_Provided material:_
________________________
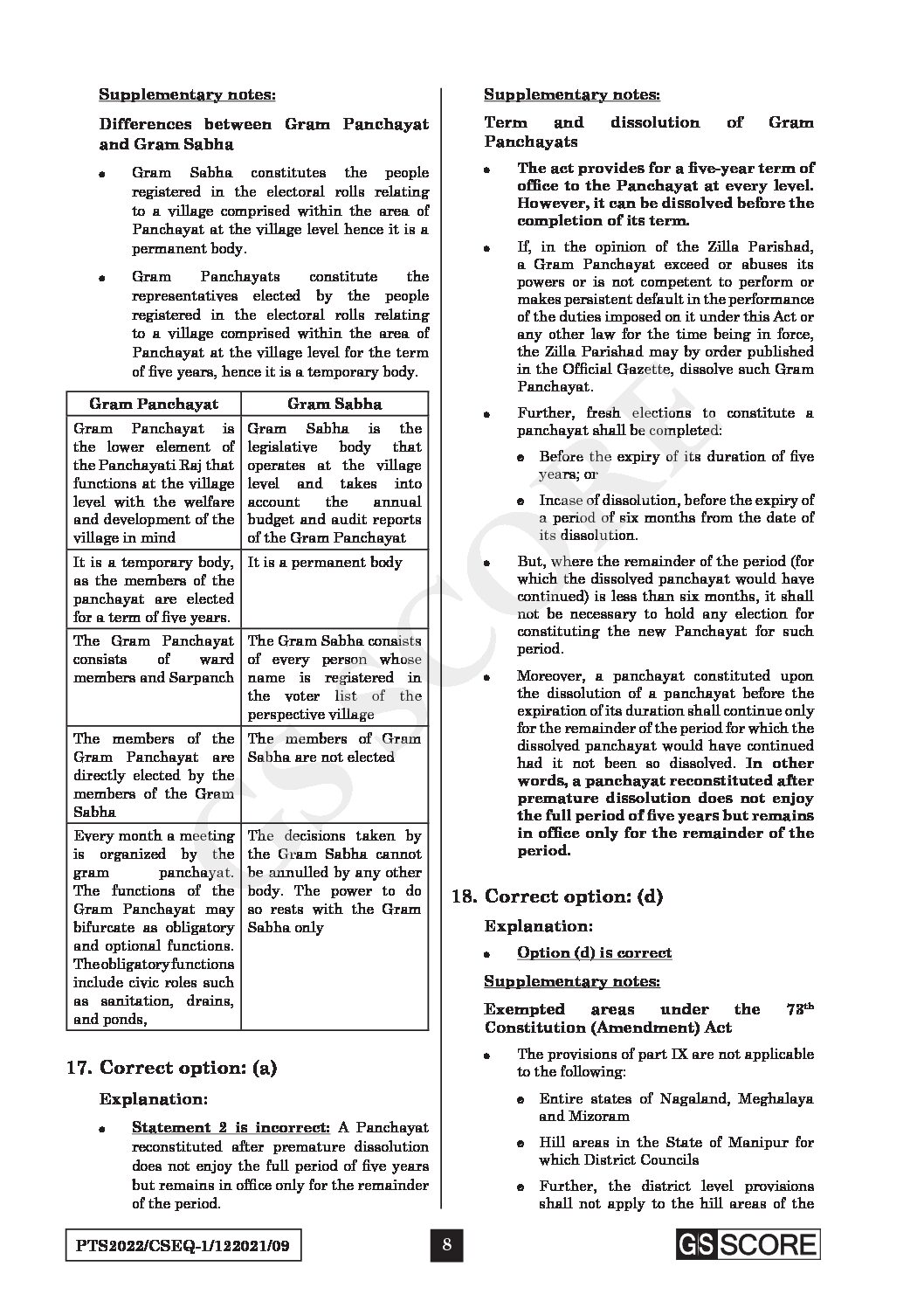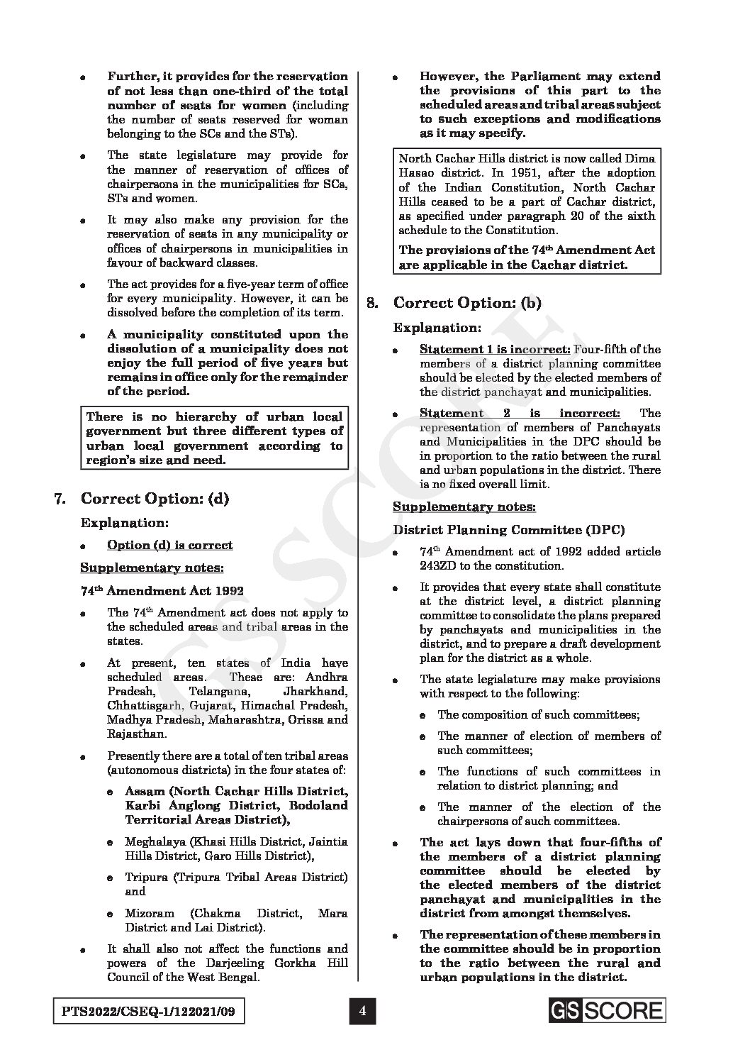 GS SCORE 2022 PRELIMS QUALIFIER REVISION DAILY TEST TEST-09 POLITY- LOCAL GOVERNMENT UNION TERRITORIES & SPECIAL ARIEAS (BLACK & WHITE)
________________________
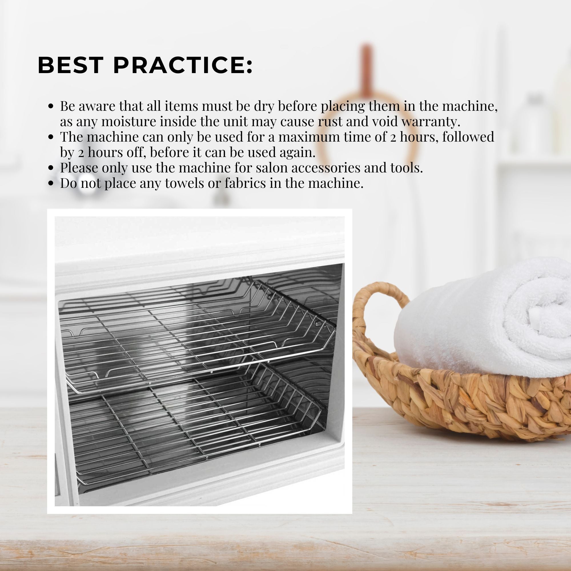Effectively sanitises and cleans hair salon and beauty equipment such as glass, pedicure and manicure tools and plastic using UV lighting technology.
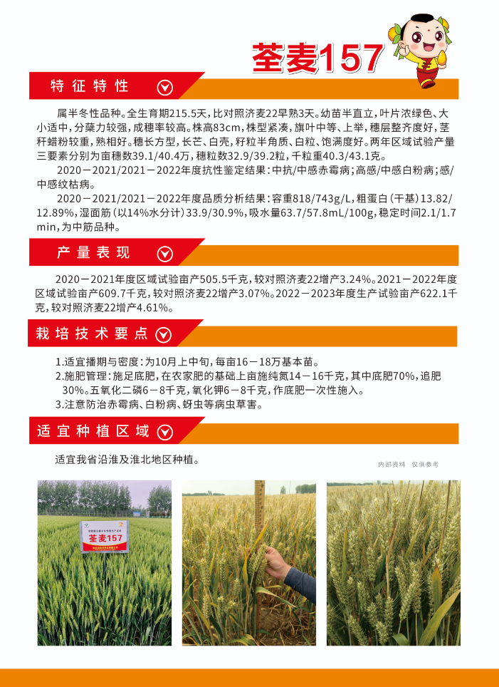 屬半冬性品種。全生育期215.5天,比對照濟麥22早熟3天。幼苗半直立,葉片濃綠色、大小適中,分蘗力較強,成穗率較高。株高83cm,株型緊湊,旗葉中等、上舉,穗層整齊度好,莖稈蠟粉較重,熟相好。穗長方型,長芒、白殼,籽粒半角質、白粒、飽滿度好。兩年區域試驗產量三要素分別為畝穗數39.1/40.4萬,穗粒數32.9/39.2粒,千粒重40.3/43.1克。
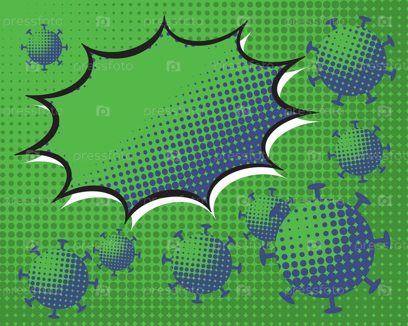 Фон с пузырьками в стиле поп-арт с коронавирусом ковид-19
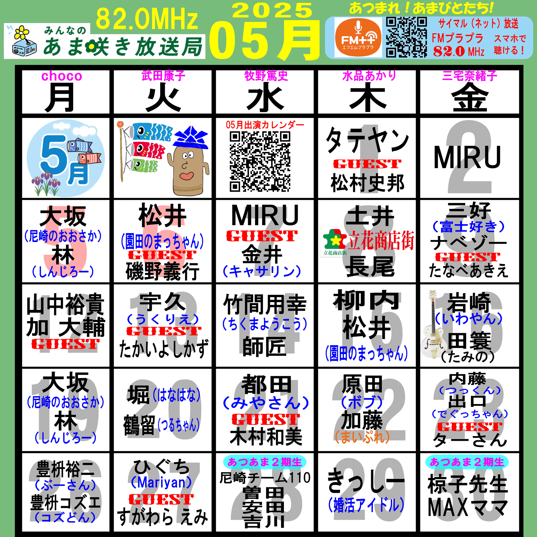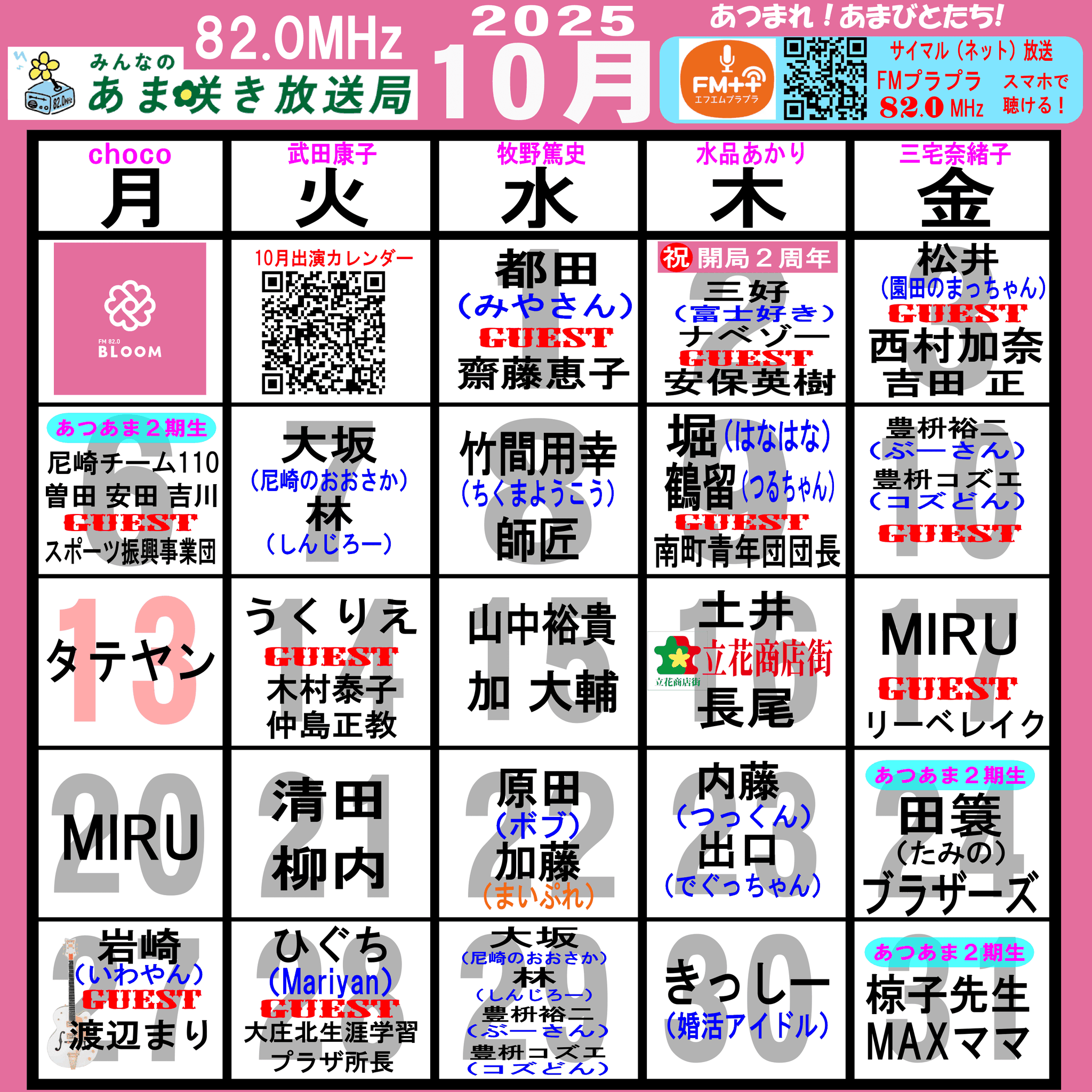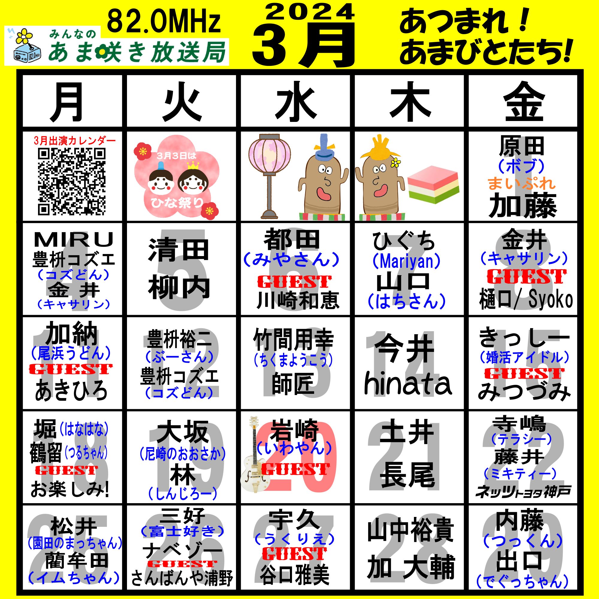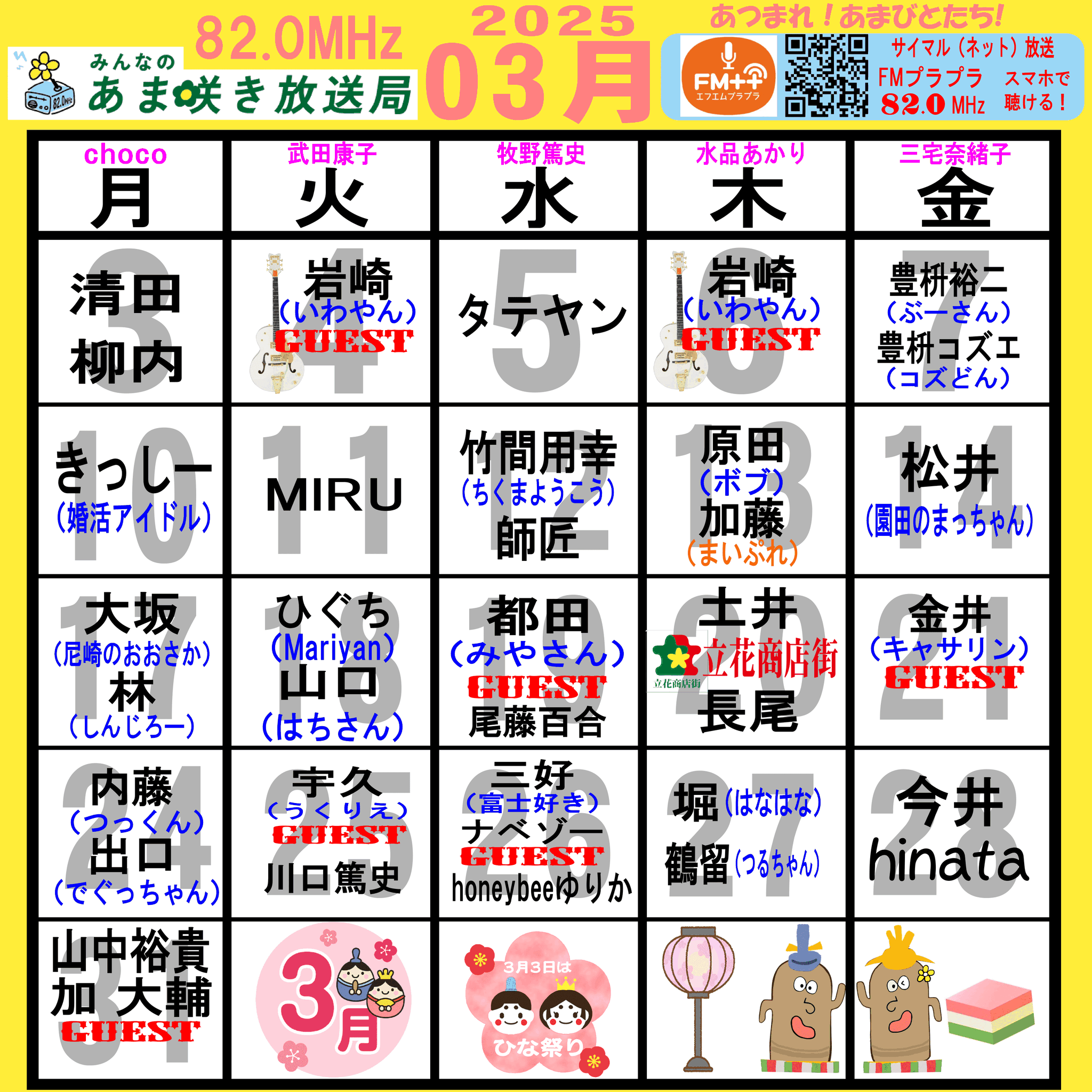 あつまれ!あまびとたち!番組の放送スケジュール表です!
________________________
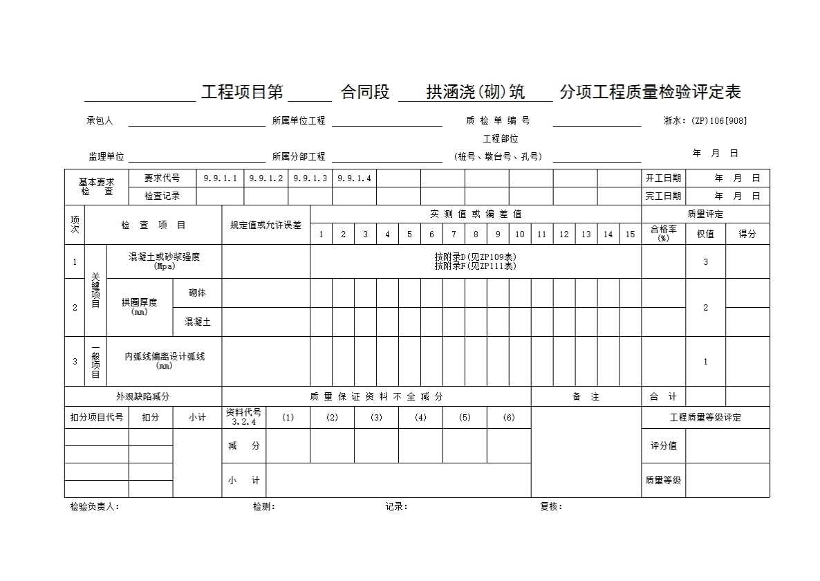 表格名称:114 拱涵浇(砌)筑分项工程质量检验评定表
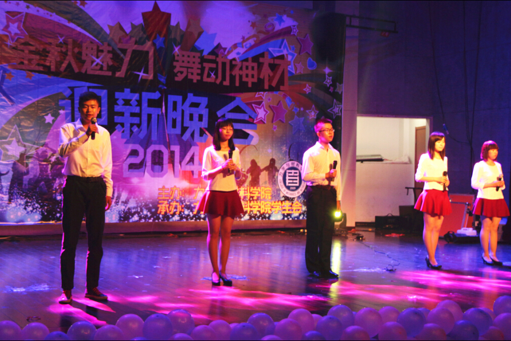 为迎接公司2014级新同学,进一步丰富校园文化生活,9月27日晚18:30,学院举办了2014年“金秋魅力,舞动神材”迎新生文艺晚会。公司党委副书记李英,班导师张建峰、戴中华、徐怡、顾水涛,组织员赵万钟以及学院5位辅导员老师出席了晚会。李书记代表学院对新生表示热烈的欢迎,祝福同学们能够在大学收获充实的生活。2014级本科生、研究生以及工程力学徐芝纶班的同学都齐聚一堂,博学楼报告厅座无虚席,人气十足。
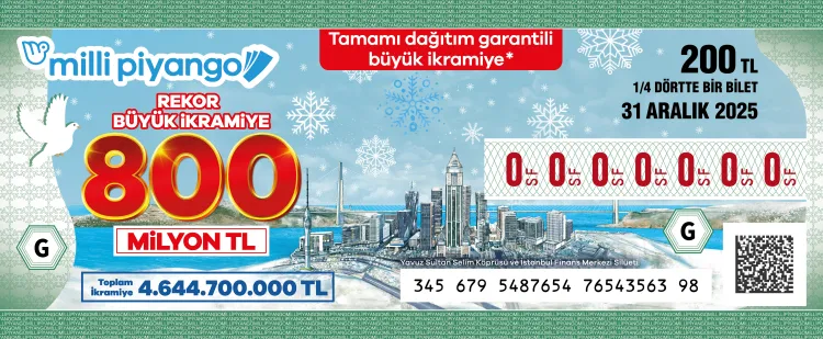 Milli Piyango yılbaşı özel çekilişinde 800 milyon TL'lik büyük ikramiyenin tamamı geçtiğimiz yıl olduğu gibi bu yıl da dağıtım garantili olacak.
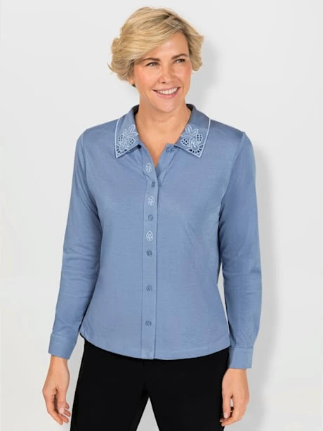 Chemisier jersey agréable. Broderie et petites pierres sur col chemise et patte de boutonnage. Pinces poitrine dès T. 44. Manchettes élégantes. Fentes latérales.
________________________
_Your objective:_ Every line from the one with "屬半冬性品種。全生育期215" through the one with "あつまれ!あまびとたち!番組の放送スケジュール表です!" is to be reproduced exactly as written above, and the pictures are to be dropped.

_Solution to this task:_
 屬半冬性品種。全生育期215.5天,比對照濟麥22早熟3天。幼苗半直立,葉片濃綠色、大小適中,分蘗力較強,成穗率較高。株高83cm,株型緊湊,旗葉中等、上舉,穗層整齊度好,莖稈蠟粉較重,熟相好。穗長方型,長芒、白殼,籽粒半角質、白粒、飽滿度好。兩年區域試驗產量三要素分別為畝穗數39.1/40.4萬,穗粒數32.9/39.2粒,千粒重40.3/43.1克。
 Фон с пузырьками в стиле поп-арт с коронавирусом ковид-19
 あつまれ!あまびとたち!番組の放送スケジュール表です!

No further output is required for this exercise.